Впрочем, какая весна в начале марта? Так, название одно, зима-зимой.

Чужие шаги он услышал еще на Божедомке. Его собственные глухо постукивали, и сперва он подумал — эхо, но сзади по камню мостовой отчетливо звякнула подковка.

Подняв воротник, он двинулся к перекрестку, на котором горел одинокий фонарь, а уже за ним резко обернулся.

Глаз уловил слабую тень, исчезнувшую во мраке подворотни. Или это ему померещилось? Но он точно слышал и скрип подтаявшего снега под подошвами, и хруст песчаной посыпки…

Холодный воздух, густой и вязкий, драл горло, заставляя дышать короткими, прерывистыми глотками.

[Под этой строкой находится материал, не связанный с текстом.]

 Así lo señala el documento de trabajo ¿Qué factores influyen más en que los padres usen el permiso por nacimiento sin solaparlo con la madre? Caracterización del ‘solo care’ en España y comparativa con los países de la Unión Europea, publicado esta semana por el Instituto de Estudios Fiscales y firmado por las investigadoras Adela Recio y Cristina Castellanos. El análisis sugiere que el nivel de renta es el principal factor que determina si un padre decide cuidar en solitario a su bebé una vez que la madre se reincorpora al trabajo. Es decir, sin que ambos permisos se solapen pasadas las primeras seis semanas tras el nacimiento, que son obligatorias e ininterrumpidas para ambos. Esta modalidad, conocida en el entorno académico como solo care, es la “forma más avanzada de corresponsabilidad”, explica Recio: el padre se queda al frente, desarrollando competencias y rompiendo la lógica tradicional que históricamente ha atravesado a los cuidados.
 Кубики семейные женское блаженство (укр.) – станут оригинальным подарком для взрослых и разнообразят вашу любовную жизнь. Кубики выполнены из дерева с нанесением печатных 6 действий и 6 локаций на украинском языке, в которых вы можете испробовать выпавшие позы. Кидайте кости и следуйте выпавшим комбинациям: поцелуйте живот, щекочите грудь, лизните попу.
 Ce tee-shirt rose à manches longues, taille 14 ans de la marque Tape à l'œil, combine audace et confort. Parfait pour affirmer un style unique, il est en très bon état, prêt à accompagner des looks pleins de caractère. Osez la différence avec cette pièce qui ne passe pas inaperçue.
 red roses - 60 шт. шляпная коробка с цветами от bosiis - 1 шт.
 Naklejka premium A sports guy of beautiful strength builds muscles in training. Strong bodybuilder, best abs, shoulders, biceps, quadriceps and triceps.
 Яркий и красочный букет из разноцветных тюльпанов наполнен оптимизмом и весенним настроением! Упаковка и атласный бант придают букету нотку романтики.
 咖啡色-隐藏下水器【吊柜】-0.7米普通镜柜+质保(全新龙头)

Снежная крошка, подхваченная ветром, билась в лицо, а переулки вокруг укутались темнотой и тишиной.

Шли настойчиво и явно за ним — но кто?

Охранка? Нет, после приказа нового министра юстиции он ей не интересен, да и где она теперь, та охранка?

Свои? Так свои могли бы просто подойти.

Грабители? Но что с него взять — пальто с чужого плеча да потертая меховая шапка-гоголь. Разве что денежное пособие, что ему выдали в университете Шанявского…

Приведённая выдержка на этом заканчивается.